Liquid Diet: Hill Farmstead and Cambridge Brewing Company Team Up
Long before the cult of Hill Farmstead had permeated the craft beer world, Shaun Hill was just a fledgling brewer looking for a break. “I’ve known Shaun since his first brewing job at The Shed in Vermont,” says Will Meyers, brewmaster at Cambridge Brewing Company. “We met before he officially started, when he came down to Boston for the NERAX cask beer festival. He just walked up to me and kind of confronted me and said, ‘Hey, you’re Will Meyers. I just got this job and I need your advice.” He was inheriting this brewery without any real brewing experience, but I was impressed with his enthusiasm and his obvious intelligence.”
That candid conversation spawned a decade-long friendship and several collaborative projects including Prolegomena, a Flemish red aged in port and wine barrels, and Madness & Civilization #2, a buckwheat porter aged in port barrels. The chance interaction all helped Hill become the hallowed, fetishized brewer he is today.
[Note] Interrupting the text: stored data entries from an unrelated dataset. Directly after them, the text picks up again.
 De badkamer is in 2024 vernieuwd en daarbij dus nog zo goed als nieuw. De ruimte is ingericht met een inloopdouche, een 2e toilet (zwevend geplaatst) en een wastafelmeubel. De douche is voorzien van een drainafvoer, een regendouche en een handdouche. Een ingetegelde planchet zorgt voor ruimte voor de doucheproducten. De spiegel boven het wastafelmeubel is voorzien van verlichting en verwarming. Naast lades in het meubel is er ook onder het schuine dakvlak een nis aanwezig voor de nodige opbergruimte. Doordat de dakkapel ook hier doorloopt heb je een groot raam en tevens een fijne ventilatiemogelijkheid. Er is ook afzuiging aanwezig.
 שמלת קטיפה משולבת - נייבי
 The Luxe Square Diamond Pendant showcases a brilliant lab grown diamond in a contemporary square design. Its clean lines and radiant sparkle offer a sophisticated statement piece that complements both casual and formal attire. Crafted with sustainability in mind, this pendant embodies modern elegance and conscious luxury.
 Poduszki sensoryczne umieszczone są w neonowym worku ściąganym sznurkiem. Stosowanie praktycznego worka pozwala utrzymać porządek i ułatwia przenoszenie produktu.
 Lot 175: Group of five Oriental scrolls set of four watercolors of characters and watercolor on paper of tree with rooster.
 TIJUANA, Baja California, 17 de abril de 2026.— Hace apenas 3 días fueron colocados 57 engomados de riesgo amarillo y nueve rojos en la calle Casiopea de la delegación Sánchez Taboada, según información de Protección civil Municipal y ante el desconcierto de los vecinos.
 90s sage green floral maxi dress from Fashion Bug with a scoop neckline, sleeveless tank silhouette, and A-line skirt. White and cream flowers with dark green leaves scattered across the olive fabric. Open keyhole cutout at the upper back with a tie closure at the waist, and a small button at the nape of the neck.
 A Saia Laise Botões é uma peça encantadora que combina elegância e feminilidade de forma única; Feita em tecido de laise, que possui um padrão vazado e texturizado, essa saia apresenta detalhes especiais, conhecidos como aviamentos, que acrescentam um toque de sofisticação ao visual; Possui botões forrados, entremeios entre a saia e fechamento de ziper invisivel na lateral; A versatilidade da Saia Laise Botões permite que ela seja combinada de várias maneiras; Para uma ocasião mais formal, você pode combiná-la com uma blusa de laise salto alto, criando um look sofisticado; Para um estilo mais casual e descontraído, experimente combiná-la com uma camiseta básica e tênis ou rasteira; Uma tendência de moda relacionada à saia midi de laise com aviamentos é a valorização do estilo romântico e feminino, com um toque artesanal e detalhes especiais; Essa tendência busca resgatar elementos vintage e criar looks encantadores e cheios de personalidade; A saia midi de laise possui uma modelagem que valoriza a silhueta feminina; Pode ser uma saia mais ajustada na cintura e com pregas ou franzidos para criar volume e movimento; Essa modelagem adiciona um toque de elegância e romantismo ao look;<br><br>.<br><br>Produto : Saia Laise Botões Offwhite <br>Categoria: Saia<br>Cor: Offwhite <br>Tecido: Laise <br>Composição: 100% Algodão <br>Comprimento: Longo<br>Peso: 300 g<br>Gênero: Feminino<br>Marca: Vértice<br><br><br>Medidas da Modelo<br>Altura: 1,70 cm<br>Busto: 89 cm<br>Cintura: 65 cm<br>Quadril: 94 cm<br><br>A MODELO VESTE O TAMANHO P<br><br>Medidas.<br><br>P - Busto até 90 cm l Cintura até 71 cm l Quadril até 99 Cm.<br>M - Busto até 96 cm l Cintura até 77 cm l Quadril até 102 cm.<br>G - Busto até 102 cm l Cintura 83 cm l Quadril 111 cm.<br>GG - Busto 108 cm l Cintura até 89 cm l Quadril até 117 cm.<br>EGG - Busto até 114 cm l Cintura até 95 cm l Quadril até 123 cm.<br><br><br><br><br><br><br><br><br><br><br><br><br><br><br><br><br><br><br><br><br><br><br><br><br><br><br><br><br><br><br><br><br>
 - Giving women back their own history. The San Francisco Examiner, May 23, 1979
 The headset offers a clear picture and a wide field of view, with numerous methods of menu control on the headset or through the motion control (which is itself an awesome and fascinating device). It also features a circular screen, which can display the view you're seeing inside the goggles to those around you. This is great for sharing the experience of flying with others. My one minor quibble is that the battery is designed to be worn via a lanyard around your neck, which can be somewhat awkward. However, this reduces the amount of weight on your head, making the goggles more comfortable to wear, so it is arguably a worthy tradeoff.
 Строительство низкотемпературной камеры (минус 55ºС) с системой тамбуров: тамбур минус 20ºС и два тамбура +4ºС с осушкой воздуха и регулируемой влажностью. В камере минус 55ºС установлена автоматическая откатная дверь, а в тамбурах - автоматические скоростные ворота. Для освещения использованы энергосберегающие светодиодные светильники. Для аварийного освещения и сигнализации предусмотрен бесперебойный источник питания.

“I had gone to Copenhagen many years ago to brew with Anders Kissmeyer and we did an expression of my Heather Ale and an expression of a sour beer that we do at CBC called Cerise Cassée,” Meyers says. “After coming back from that trip Shaun contacted me and said, “there’s this brewery in Copenhagen that’s looking for a brewer and I think it would be a really cool experience. What do you think?” Quite fortuitously, it was Anders brewpub and Shaun ended up spending a lot of time in Copenhagen brewing with with Anders. He even ended up taking over a couple of barrels of our sour beer and shepherding it to fruition.”
To honor their mutual friend and mentor, Meyers and Hill invited Kissmeyer to join them in Greensboro, Vermont, to brew a new beer that was released at Hill Farmstead this week. The final result, which they’re calling a “Nordic Saison” was brewed with Vermont honey, rose hips, heather flowers, and brettanomyces.
“Certainly we used a fair amount of honey, we used some really nice grains, and an addition of rose hips, which was something Anders really wanted to do,” Meyers says. “That ended up being a lot of fun on the brewhouse platform because we were only able to get it a powdered form and it was just a nightmare. All it wanted to do was clump up and it was bright orange, so it completely stained our hands and clothes. It was a disaster, but the flavor was quite nice. I’d brewed with rose petals before and was really wary because it can give the beer an over-the-top perfume character. Instead, the rose hips added a nice, tart, earthy, fruity component that is quite pleasant.”
Meyers says the “Nordic” part of the equation is a “cheeky nod” to Kissmeyers’ Danish heritage and because of the dosage of brettanomyces and saccharomyces used in fermentation. The three brewers made two 15 barrel batches, which ended up producing 4,000 bottles. Hill anticipates selling through the current stock by the end of the month, but Hill Farmstead plans on brewing the Nordic Saison with some regularity, potentially in much larger batches.
“With these types of collaborations, we just look at it as a really fun opportunity to hang out and geek out with other brewers that we admire,” Meyers says. “In the case of the Nordic Saison, it’s a beer that Shaun and I wanted to do because Anders is a good friend and a brilliant brewer. He doesn’t get near the amount of attention that he deserves. We wanted to restore some of that recognition to honor a mentor and a brewer we both personally admire.”